2/1 Ein Laubfrosch
Kategorie: Allgemein Von Heinrich von Grünigen um 23:26 |
Mit klebrigen Füssen klammert er sich am Zweig fest und zieht sich langsam in die Höhe. Unglücklich schaut er drein und verzieht sein ohnehin schon breites Maul zu einer noch breiteren, gequälten Fratze. Ein leises, jämmerliches Quaken wird laut. Der giftgrüne Laubfrosch hat eine medizinische Botschaft zu vermitteln, die mir seit Tagen keine Ruhe mehr lässt. Er empfiehlt mir ein Medikament, für den Fall, dass ich an verzögerter Magenentleerung leiden sollte.
Seitdem frage natürlich auch ich mich, ob dies eine Krankheit sei, die ich haben könnte, von der ich aber bis heute noch nichts gewusst habe. Und ich horche oder fühle tief in mich hinein, ob mein Magen, mit dem ich ja einen ständigen Dialog führen möchte, mir irgend ein heimliches Signal sendet, vielleicht in Form eines gequälten Quakens, das mir bedeuten sollte dass er sich nicht so zügig entleeren kann, wie er das möchte.
Bis heute habe ich naiverweise geglaubt, der Magen sei ein sehr patentes Organ, säureresistent und ein prächtiges Labor für die erste Stufe der Auflösung der Nahrungsmittel.

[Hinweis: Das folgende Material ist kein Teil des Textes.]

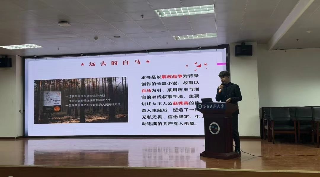 為進一步鑄牢中華民族共同體意識,創新開展民族團結進步教育工作,引導廣大師生在閱讀優秀典籍中啟智增慧、固本培元,在經典文化傳承中塑造文化自信自強的品格,匯聚中華民族偉大復興的力量,11月3日下午,由黨委統戰部、中華民族共同體學院、中國語言文學學部、化工學院共同舉辦的書香新時代,“典”亮新征程主題讀書分享會在榆中校區就業大廳舉行。甘肅省文聯黨組書記、主席王登渤受邀參加。西北民族大學黨委副書記、副校長玉蘇甫江,校黨委統戰部、各學院師生代表參與本次讀書分享會。

Dass man ihn von Zeit zu Zeit füllen muss und dabei darauf achten sollte, dass man dies vorsichtig und bewusst tut, das war mir schon klar. Dass man nun aber auch noch seine Entleerung überwachen muss, das ist mir neu. Von Verstopfung und Hartleibigkeit habe ich schon gehört, aber das findet weiter unten statt. – Vielleicht ein Fakir auf dem Jahrmarkt, der Nägel, Schrauben und Scherben schluckt, bei dem kann ich mir vorstellen, dass die Entleerung zum Problemfall wird. Aber ich?
Nun stellen die Vertreter der Pharma-Industrie immer wieder gerne und vehement in Abrede, sie würden durch geeignete Propagandemassnahmen laufend zuerst auf die Existenz von neuen Krankheiten hinweisen, um für diese dann entsprechende Mittel anpreisen zu können… – Aber wenn ich den grünen Lurch und sein trauriges Froschgesicht auf dem Bildschirm sehe, dann befallen mich doch Zweifel, ob dem auch wirklich so sei.